Instance-Optimality for Private KL Distribution Estimation
Jiayuan Ye, Vitaly Feldman, Kunal Talwar
TL;DR
This work tackles the problem of estimating a discrete distribution under KL divergence with differential privacy, arguing that minimax guarantees miss per-instance difficulty. It introduces instance-optimality with additive local neighborhoods tailored to KL, and develops both non-DP and DP estimators that are instance-optimal up to constants. The core technical tools include a generalized Assouad method for decomposable distances, a sampling-twice modification of Good-Turing to reduce sensitivity, and a calibrated thresholding strategy to privatize the estimator. Empirically, the proposed DP instance-optimal estimator outperforms naive minimax baselines on power-law and real-world token distributions, while non-DP instance-optimal methods remain competitive, highlighting the practical impact of instance-adaptive private KL estimation.
Abstract
We study the fundamental problem of estimating an unknown discrete distribution $p$ over $d$ symbols, given $n$ i.i.d. samples from the distribution.

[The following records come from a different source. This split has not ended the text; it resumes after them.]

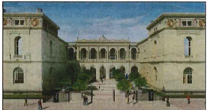
Une esquisse (non contractuelle) du Musée d'art tel qu'il s'offrira aux Toulonnais, à l'automne 2019. (Repro DR)

1. Une enveloppe de 10 millions d'euros est consacrée à la rénovation du Musée et de la bibliothèque attenante.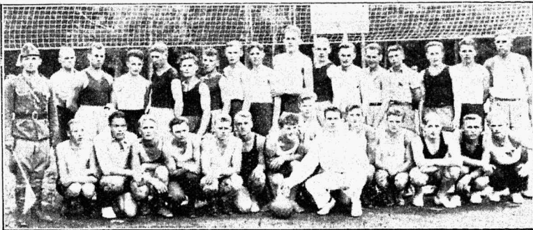
ÜENÜ Viru võrkpalli meistrivõistlustelt Porkunis 1934 a.

Jääb vaid soovida, et kõigi liikmete ühine tegevusvaimustus ei raueks, vaid et ühistunne veelgi süveneks ja ÜENÜ Naistevälje-Nõmküla osakond kujuneks teiseks koduks kõigile ümbruskonna noortele, aidates rühkida kultuursema külaühiskonna poole. —E.—E.—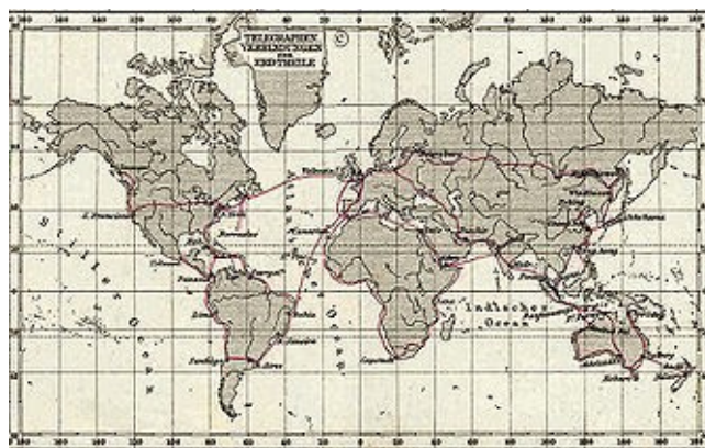
Telegraf-linioj en la jaro 1891

73, kiu en tiu tempo signifis “amon kaj kisojn”. Pluaj eldonoj de tiu gvidilo konservis la saman signifon, sed pli poste 73 signifis ĝeneralan finsaluton fratecan inter la operatoroj sen mencio al la romantika signifo de la komencaj jaroj. En la jaro 1859 la kompanio Western Union aperigis la gvidilon Standard 92 Code . Tiu gvidilo anstataŭigis ordinarajn ĉiutagajn frazojn per elektitaj ciferoj inter 1 kaj 92. En la ricevstacio, la numeroj estis elkodigitaj kaj tiam transskribitaj per ordinara lingvo kaj liverataj al la adresitoj.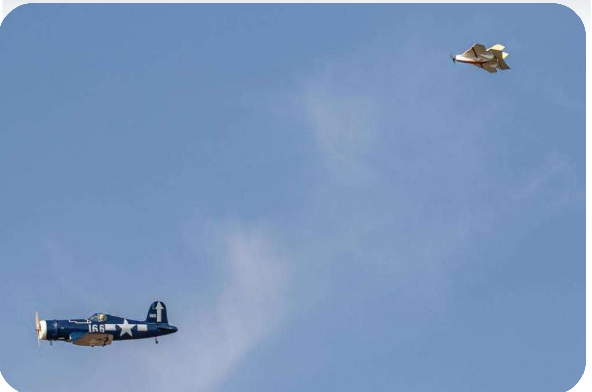
Corsair F4U VS Karaté...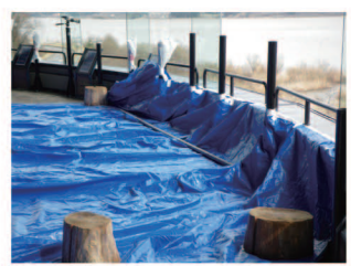
応急処置後のセンター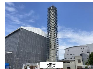
⑥ 外部養生足場 設置状況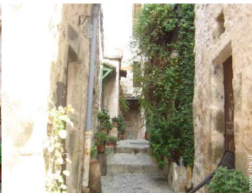
vista sul centro del paese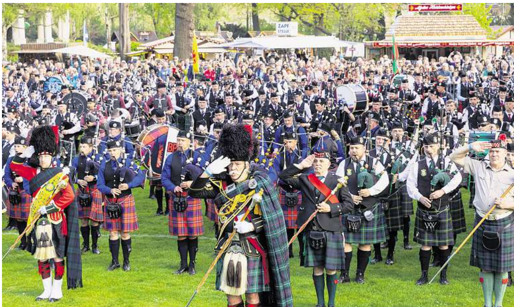
Mit Dudelsack und Trommeln: Zahlreiche Pipe-Bands und Solokünstler treten beim Highland Gathering im Peiner Stadtpark gegeneinander an.

Ein besonderes Erlebnis für Jung und Alt ist das Schmücken des Peiner Osterbrunnens: Am Samstag, 5. April, um 11 Uhr bildet die Aktion den Frühlingsauftakt für die Innenstadt. Um den Osterbrunnen mit Hunderten bunt bemalter Ostereier zu verzieren, arbeiten Peine Marketing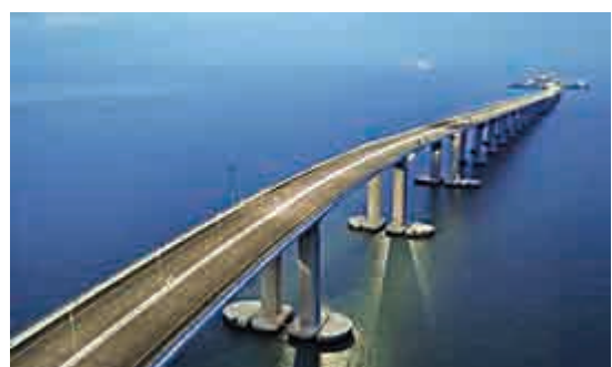
港珠澳大橋即將通車，勢必將香港的物流業帶上一個新水平

購，更加趨旺兩區物流用地，再加上港珠澳大橋即將通車，粵西方向的物流將更通暢及帶來大量客流、物流，勢必將香港的物流業帶上一個新水平。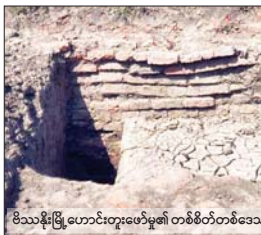
မိသားစုမြို့ဟောင်းတူးဖော်မှု၏ တစ်စိတ်တစ်ဒေသကို တွေ့ရစဉ်။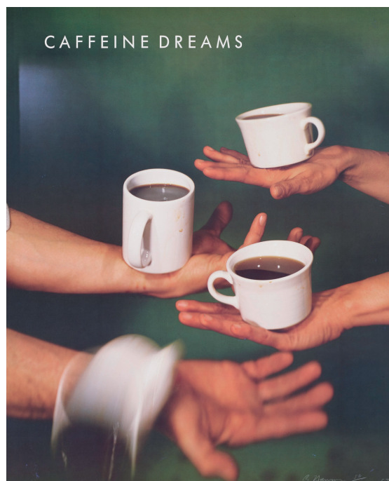
Caffeine Dreams – BRUCE NAUMAN, 1987

Het bijzondere aan een Wunderwall is dat hij mee evolueert met je persoonlijkheid, met je gezinsleven, met de samenleving waarvan je deel uitmaakt. Een Wunderwall met verschillende kleine, grotere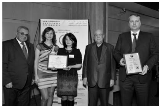
Awarding ceremony for Group of companies Etalon MosTU (in the Team of the Year nomination) Награждение Группы компаний «Эталон» МосТУ (в номинации «Команда года»)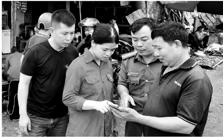
Tổ công nghệ số cộng đồng xã Tát Ngà hướng dẫn người dân đăng ký tài khoản dịch vụ công trực tuyến tại buổi họp chợ phiên Nậm Ban.

Chuyển đổi số được xác định là một trong những động lực quan trọng thúc đẩy phát triển kinh tế - xã hội. Tuy nhiên, để các nền tảng số thực sự đến được với người dân, đặc biệt ở vùng nông thôn, miền núi, vùng đồng bào dân tộc thiểu số cần có lực lượng trực tiếp hướng dẫn, hỗ trợ. Từ yêu cầu thực tiễn đó, các Tổ công nghệ số cộng đồng (CNSCĐ) đã được thành lập và từng bước phát huy vai trò là "Cánh tay nối dài" của chính quyền trong triển khai chuyển đổi số tại cơ sở.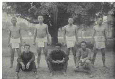
相撲社學生與教練合影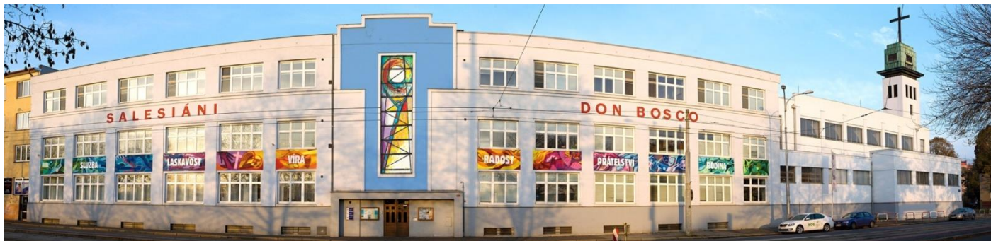
Současné foto s vizualizací vitráže v okně nad vchodem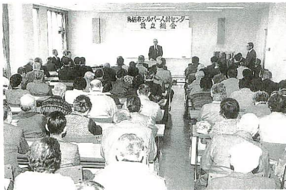
規約や事業計画などを決めた設立総会

え木のせん定、塗装、公園や庭の清掃・除草、経理、筆耕などで料金は1時間500円から900円。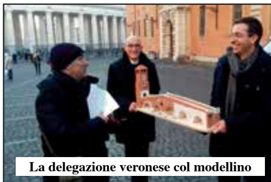
La delegazione veronese col modellino

con cui, a firma mons. Paolo Borgia, il Santo Padre accoglie con particolare affetto l'omaggio di un modellino, ripro-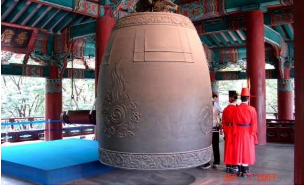
ภาพที่ 4.26 ระฆังที่หอระฆังโพชินกัก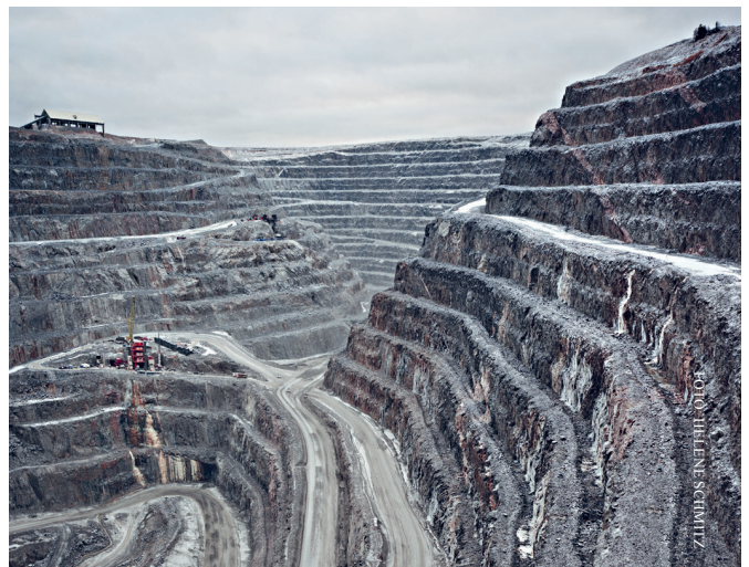
Helene Schmitz: Extractions . 2017. Inkjet on archival fine art paper, 150 x 193 cm.

Utställningen varar till 17 februari 2019.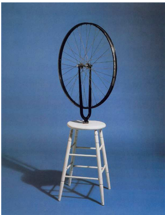
Fig. 3. Roda de bicicleta , de Marcel Duchamp, 1964 (reprodução do original de 1913).

Não somente os conceitos, mas também as criações de Duchamp eram paradoxais, talvez por sua mente estar em constante mudança, lidando sempre com as novas informações da época. Por exemplo, em 1913, quando fixou uma roda de bicicleta no assento de um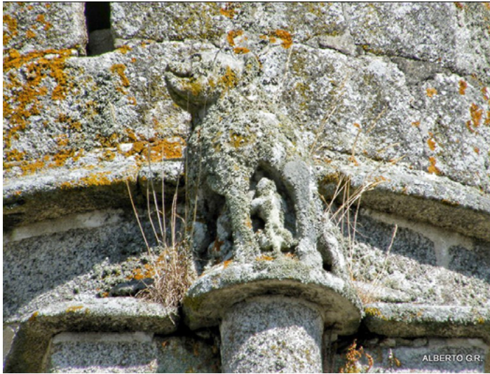
Fig. 16. Loba capitolina en la portada occidental de la Colegiata de Xunqueira de Ambía, Ourense.

se había colocado en el pórtico de la iglesia de San Juan de Letrán y que sirve para identificar el poder de la Iglesia y la herencia de un pasado romano cristianizado 101 .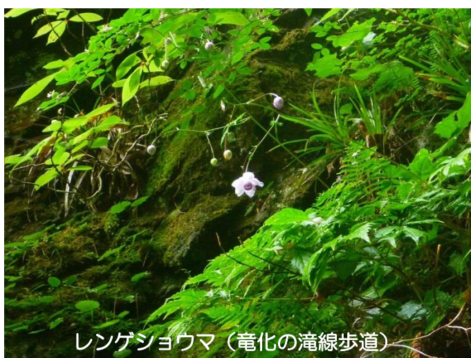
レンゲショウマ（竜化の滝線歩道）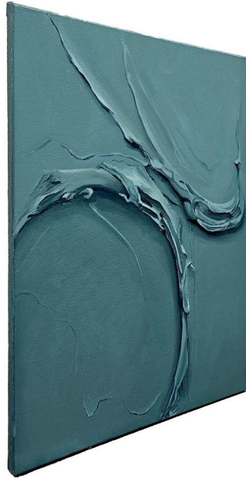
MEDITERRANEO Óleo sobre lienzo 60 x 50 cm

We are interested in minimizing the KL divergence between the true distribution and the algorithm's estimate. We first construct minimax optimal private estimators. Minimax optimality however fails to shed light on an algorithm's performance on individual (non-worst-case) instances $p$ and simple minimax-optimal DP estimators can have poor empirical performance on real distributions. We then study this problem from an instance-optimality viewpoint, where the algorithm's error on $p$ is compared to the minimum achievable estimation error over a small local neighborhood of $p$. Under natural notions of local neighborhood, we propose algorithms that achieve instance-optimality up to constant factors, with and without a differential privacy constraint. Our upper bounds rely on (private) variants of the Good-Turing estimator. Our lower bounds use additive local neighborhoods that more precisely captures the hardness of distribution estimation in KL divergence, compared to ones considered in prior works.